# [SOLVED] Building a PC (Beginner)



## DeadlyYuuki (Jun 12, 2013)

Hey guys,

I'm new to this whole building PC. So I'm wondering what changes can be made in order to get the best PC out of it with the money I'm going to spend. So far I've been looking for gaming desktops, and then ask my friends is this PC is good, some say it's good some say it's bad, and everytime I look for one, there's bad comments, so I'm kind of frustrated about getting a new computer. 

I want this computer so I'm able to play high quality games, work, make vids, and maybe get myself a second screen.

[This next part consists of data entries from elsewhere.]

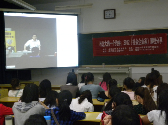 近期,友成基金会“创业咖啡”项目与北京大学经济学院合作开设的“社会企业家培育与创业的理论与实践”网络同步直播课程圆满结课。今年9月份以来,pg娱乐招生就业处通过网络平台组织了此课程的分享,共有200多名学生与北大学生同步共享了本次优质的社会企业创业启蒙课程。 今年5月初,pg娱乐选派青年教师周红金参加了在北京大学举办的“社会创业教育教师高级培训班”,随后和友成基金达成协议,启动了青年创业启蒙教育项目。湖南大学也加盟了该项目。该课程为北京大学本科生全校通选课,旨在普及社会企业及创业的理念和基础知识,还与全国的高校合作开设社会创业课的远程班。该课程共30学时,覆盖全国57个远程授课点的近三千名师生,这些远程授课点包括全国18个省(自治区、直辖市)的高校、孵化器和基层学习小组,其中约30所高校将其列入校本学分课程。课程以视野、实务、案例和实训四个模块交替进行,既有理论讲解,又有案例分析,并结合实务技能进行实操演练,全方位开启智慧、拓展思维、训练技能,得到了各方的好评。除了北京大学经济学院党委书记章政和汤敏两位“重量级”主讲老师之外,2006年诺贝尔和平奖的获得者、“小额贷款之父”穆罕默德•尤努斯为同学们远程讲解了“发展中国家的社会企业经验介绍”一课;善淘网创始人周贤,乐朗乐读学习潜能开发中心创始人兰紫,残友集团副董事长及喀什残友董事长、第七届“中华慈善奖”获得者刘勇,“无障碍艺途”组织创始人苗世明等社会企业家都来到“创业咖啡”的课堂现身说法,介绍自身创业历程并与同学们交流经验;远东控股集团远东大学执行校长于海发,君合律师事务所的专业律师志愿者林海宁、张达音,和具有十几年外企工作及培训经验的培训师赵小蒙则为同学们展示了商业计划书、社会企业初创法务和沟通技巧等方面的技能。 该课程不仅丰富了pg娱乐的大学生创新创业文化教育的内容和形式,而且还推动了pg娱乐《创业学》和SYB创业培训长足有效的开展;此外,还为建立跨界合作的社会创新网络和平台以及培育出真正具有高度人文情怀和专业竞争能力的社会实践家做了很好的尝试。(招生就业处 周红金)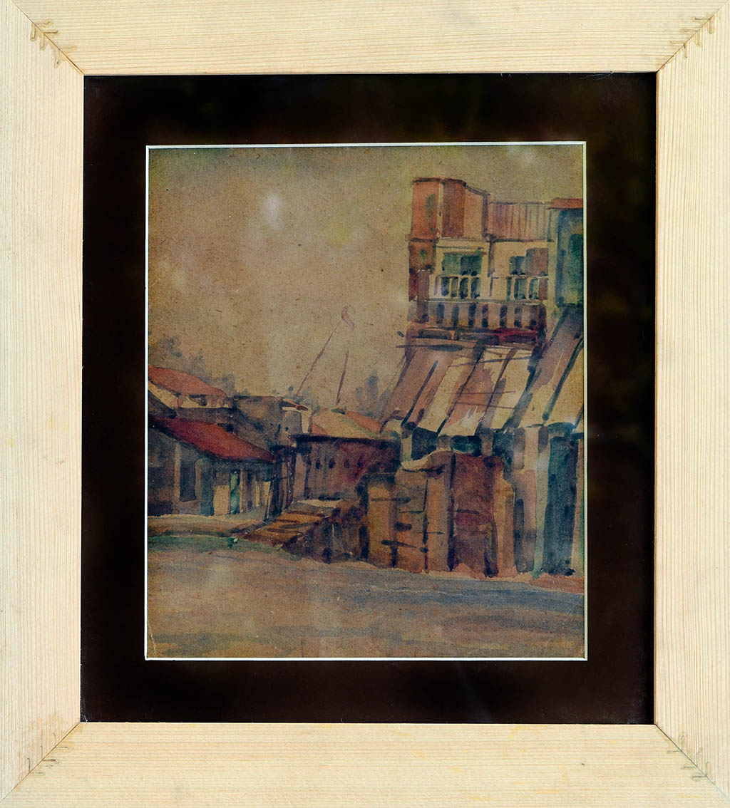 Ganesh Haloi’s watercolor captures an urban quietude, where muted buildings line an empty street under a soft, atmospheric sky. The subdued earth tones and delicate brushwork evoke a sense of memory—faded, contemplative, and gently melancholic. Architectural forms dissolve into abstraction, suggesting both presence and absence in the city’s rhythm. It’s a meditative landscape, where silence speaks through shadow and structure.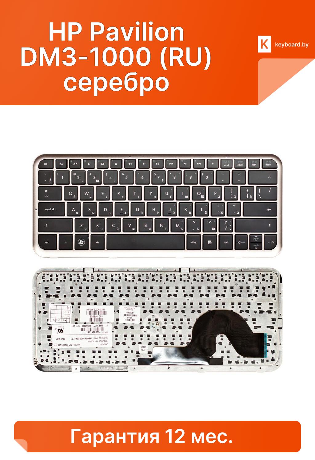 Клавиатура для ноутбука hp pavilion dm3-1000 (ru) серебро
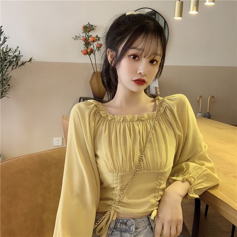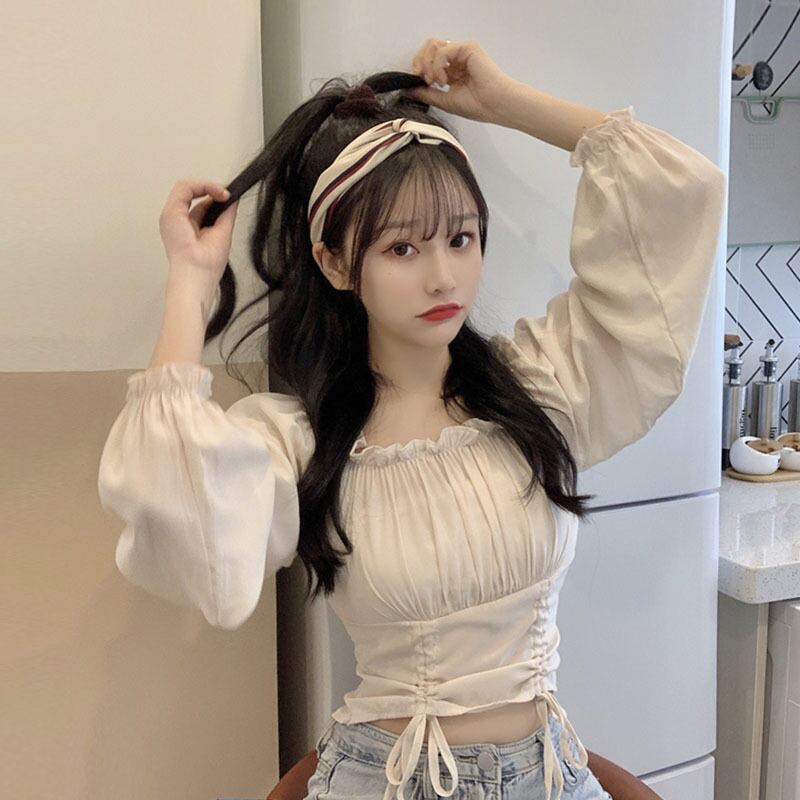 ブラウス 長袖 ショート丈 パフスリーブ フリル サイドギャザー 大人可愛い デート お出かけ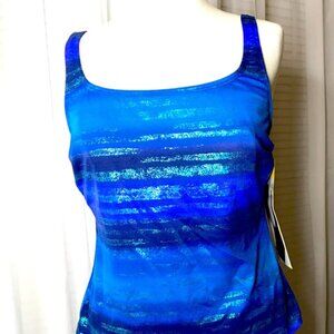 Longitude NEW 2-piece Swim Suit Tankini Blue Shimmer 14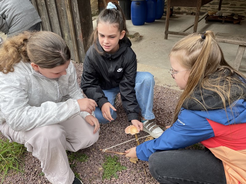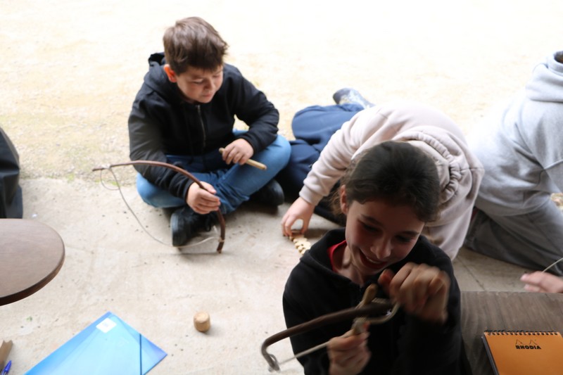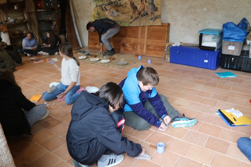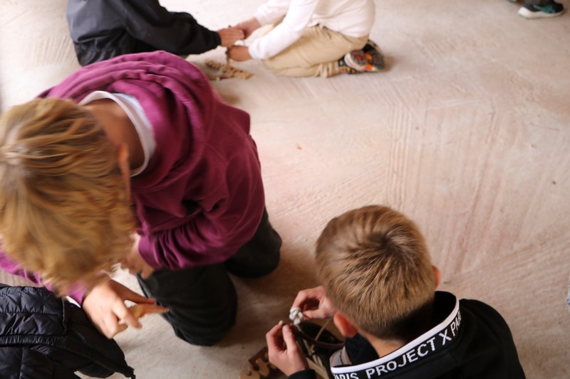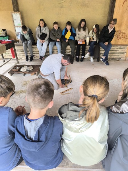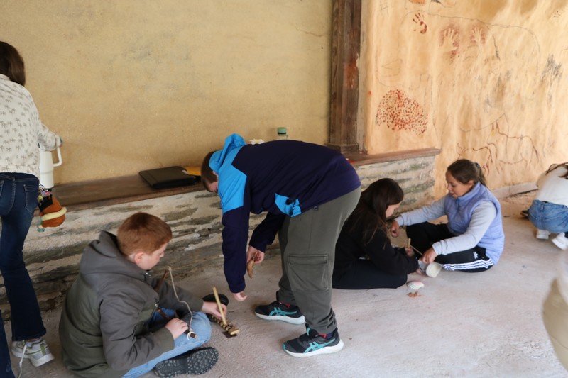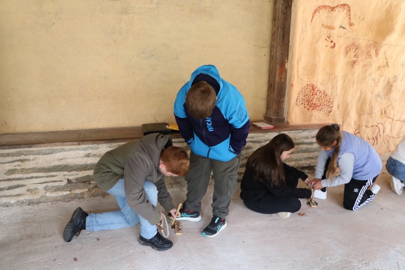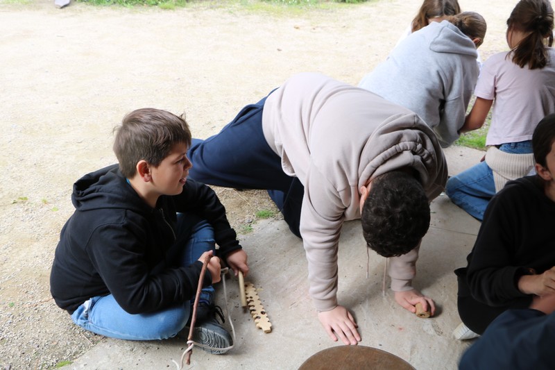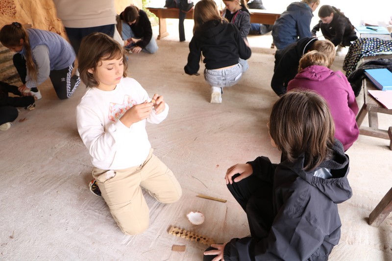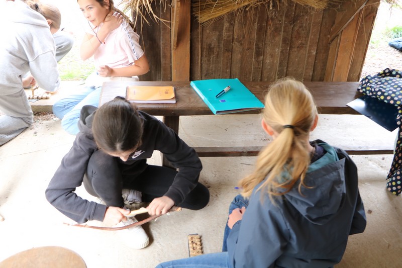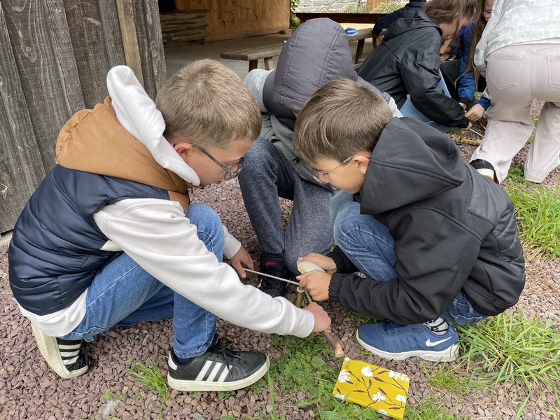 Les classes ont été divisées en deux groupes : pendant que les uns partaient explorer les mystérieux mégalithes du site, les autres s’essayaient aux ateliers préhistoriques, avant d’échanger leurs rôles l’après-midi.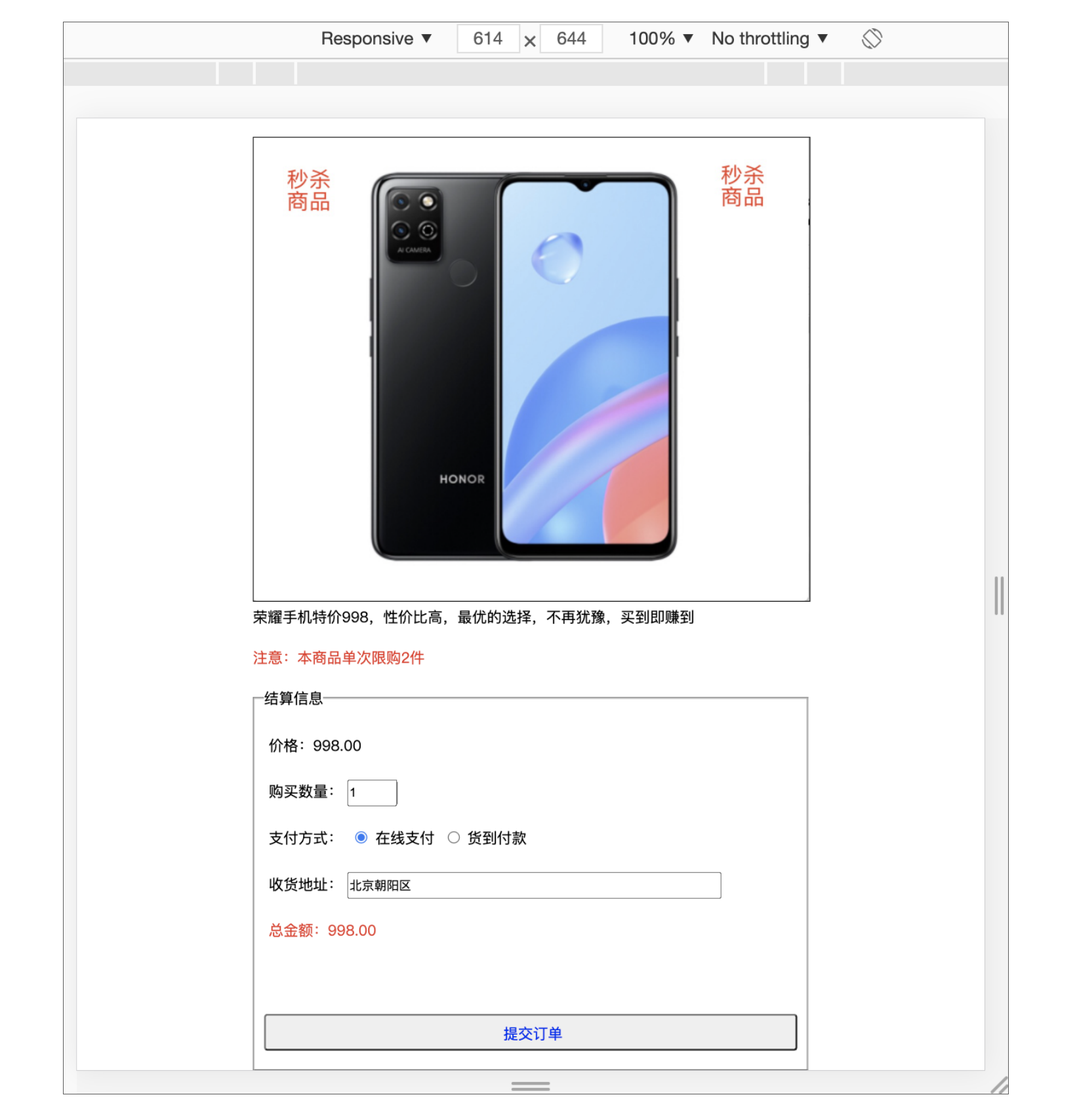 这时,我们点击立即抢购按钮,去进入到秒杀结算页。这里点击按钮,调用的是进结算页页面(H5)接口,在加载了HTML后,JavaScript通过Ajax调用结算页页面初始化渲染所需数据的接口,去渲染页面展示,效果如下: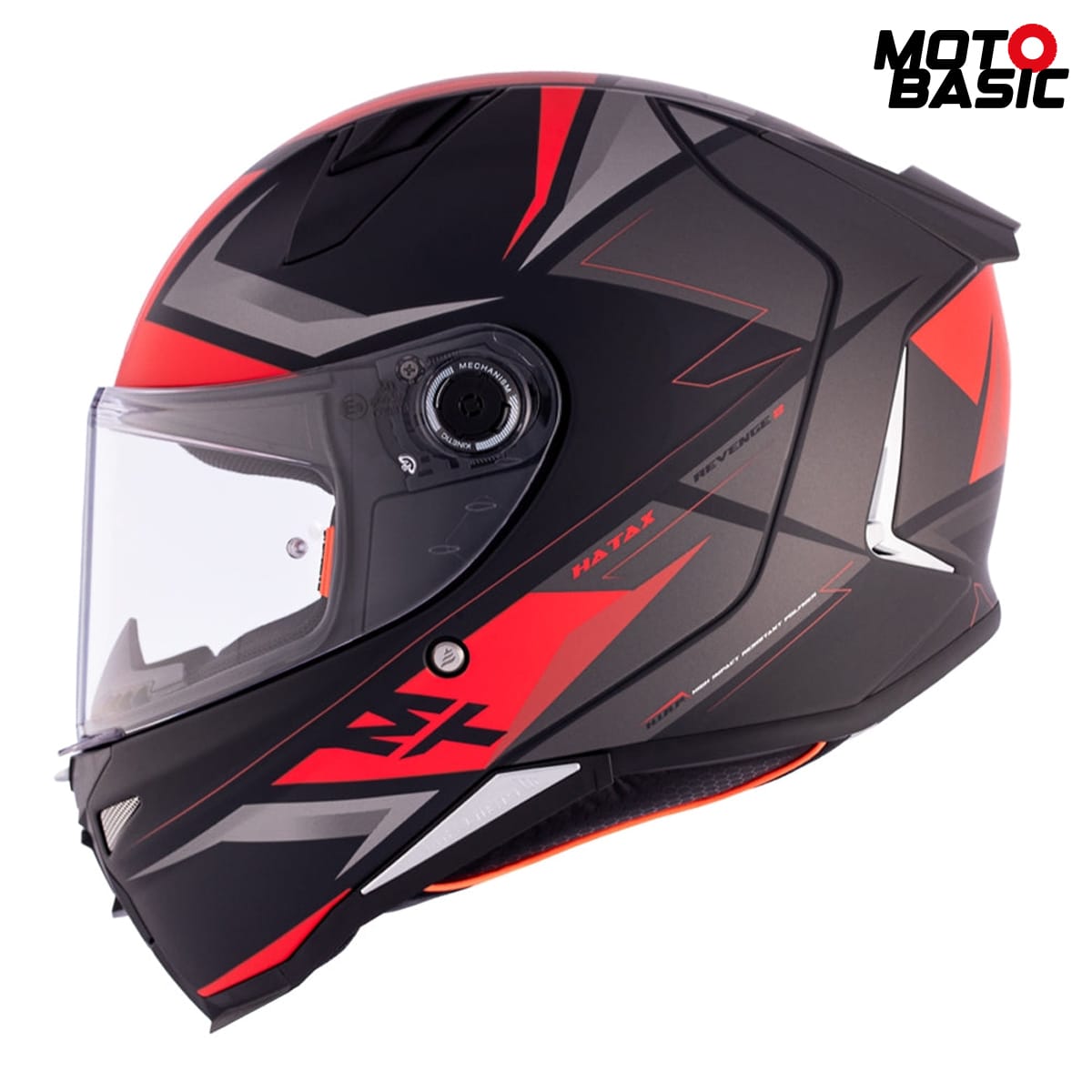 Casco MT Revenge 2 S Hatax Negro Mate/Gris/Rojo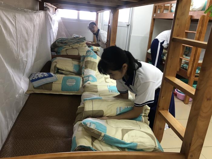 下午,同學們正式進行內(nèi)務培訓和隊列訓練。內(nèi)部培訓中,生活老師認真耐心地教新同學整理好內(nèi)務的方法和技巧。為了培訓達到更快更好的效果,各班男女生配備了內(nèi)務小老師幫忙。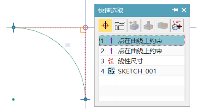 ③ 快速创建约束:选择要约束的对象(单个或多个),然后根据快捷工具栏显示的可选约束类型选择需要被约束对象的约束关系类型,如等半径

Anyway here is what my friend thought of, but I want to make it even better. Budget is around 800 pounds without tax.

Build :

-Intel Core i7 3770K 3.5GHz Socket 1155 8MB Cache Retail Boxed Processor	

-Corsair 8GB (2x4GB) DDR3 1600MHz Low Profile Vengeance Memory Kit CL9 1.5V	

-Gigabyte GA-Z77-DS3H Socket 1155 VGA DVI HDMI 7.1 Channel Audio ATX Motherboard

-Asus GTX 660 Ti DirectCU II 2GB GDDR5 Dual DVI HDMI DisplayPort PCI-E Graphics Card 

-Seagate 2TB BARRACUDA 3.5" SATA-III Hard Drive - 7200RPM 64MB Cache	319641	

-Corsair 750W CXM Builder Modular 80 Plus Bronze PSU 3 Year Warranty	429987	42 in stock £75.50	£75.50

Thanks


----------



## Masterchiefxx17 (Feb 27, 2010)

*Re: Building a PC (Beginner)*

Hi and Welcome to TSF!

Everything is fine with the expectation of the HDD and PSU.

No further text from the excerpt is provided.